Money ain't a thing already for free-agent-to-be Yoenis Cespedes, but the 29-year-old outfielder isn't taking any chances. On Friday, Cespedes told Marly Rivera of ESPN Deportes that he will be seeking a contract of at least six years in length when he hits free agency this offseason.
Cespedes is currently enjoying his best offensive season of his brief career, hitting .294/.330/.555 with a career-high 35 home runs and 103 RBI in 145 games. His batting average and slugging percentage are also career-highs, while his on-base percentage is his best since a .356 OBP in 2012. Cespedes hit .293 with 18 home runs in 102 games with the Tigers, and has already slugged 17 homers in 43 games with the New York Mets after being traded on July 31. Between his stellar offensive efforts and some solid defensive numbers, Cespedes has been worth 6.8 WAR, the fifth-highest total among all major league hitters this season.
Cespedes, who is represented by Roc Nation Sports -- hence the Jay Z reference above -- has expressed interest in returning to both of the teams he has played for this season.
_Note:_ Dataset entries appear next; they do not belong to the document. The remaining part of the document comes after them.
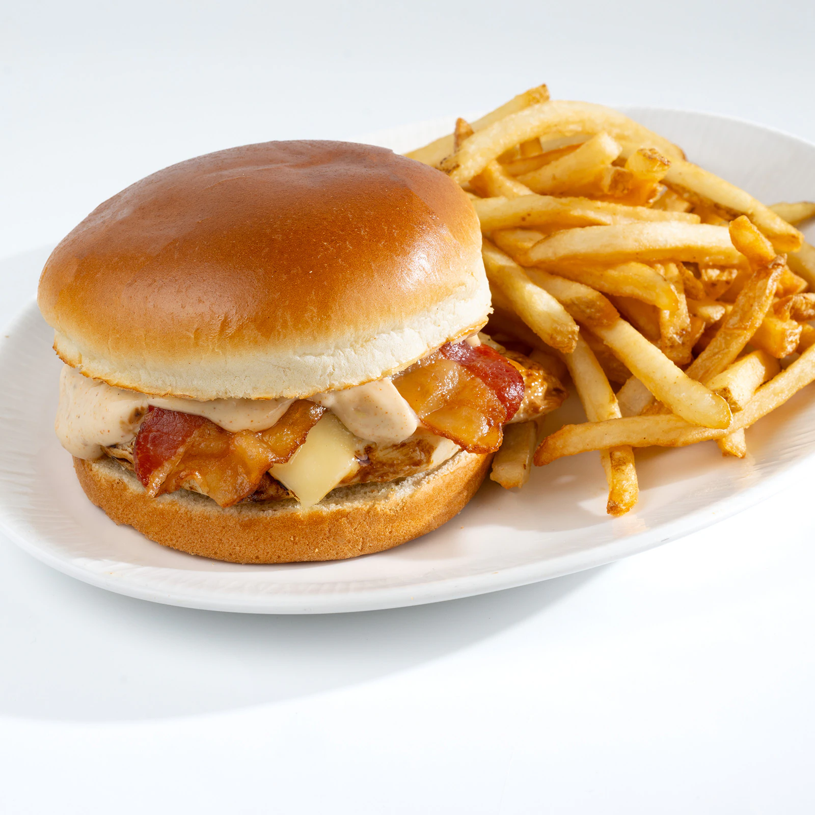 Chicken Breast with Swiss Cheese, Bacon, and Garlic Aїoli on a Brioche Bun served with French Fries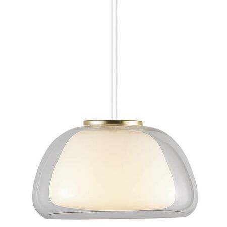Jelly pendant light with E27 bulb base and art deco style—ideal for dining rooms and cafés. Built for elegance, with a brass top and opal inner shade for warm, soft lighting.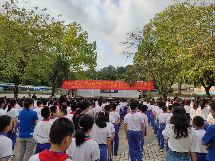 最美人間四月天,正是少年讀書時。今年恰逢中國共產(chǎn)黨成立100周年,為讓少先隊員牢記身上的使命,以知識武裝自己的思想,同時進一步推進書香校園建設(shè),引導(dǎo)學(xué)生走進博大精深的書香世界,享受閱讀的快樂,感受閱讀的幸福。開發(fā)區(qū)第二小學(xué)緊跟時事,開展以“高舉隊旗跟黨走,爭做陽光好少年”為主題的系列活動。4月1日上午,開發(fā)區(qū)第二小學(xué)全體師生齊聚在小操場,舉行“閱讀悅美,悅享童年” 2021年讀書節(jié)開幕式。

Prior to his July trade, Cespedes said he would be interested in re-signing with the Tigers this offseason, and it seemed like the Tigers were open to the idea.
Since arriving in New York, Cespedes has gone so far as to waive the clause in his contract requiring the Mets to release him five days into the offseason. The clause, originally designed to prevent his team from extending him a qualifying offer, was rendered moot by his midseason trade. Without that tricky bit of contract literature in the way, the Mets will have an equal chance to re-sign Cespedes this winter. He seems to be very happy in New York, and the Mets may be willing to open up payroll following a playoff run.
There will be several other teams involved as well, all of whom will drive up Cespedes' price this winter. He and Jason Heyward are the two best outfielders hitting the open market this winter, and Cespedes' big season will earn him plenty of money. His recent performance in New York may even entice a team or two to pursue him as a center fielder, though it's hard to see him aging well at that position.
At this point, it's difficult to envision the Tigers forking over the cash necessary to re-sign Cespedes. He will be 30 years old in October and has a few notable flaws, the biggest being his poor plate discipline and low walk rate. Cespedes' walk rate has declined in each of his four seasons, bottoming out at just 4.8 percent this season. With his contract all but guaranteed to push north of $100 million, the Tigers may not be willing to invest that much money in another aging talent.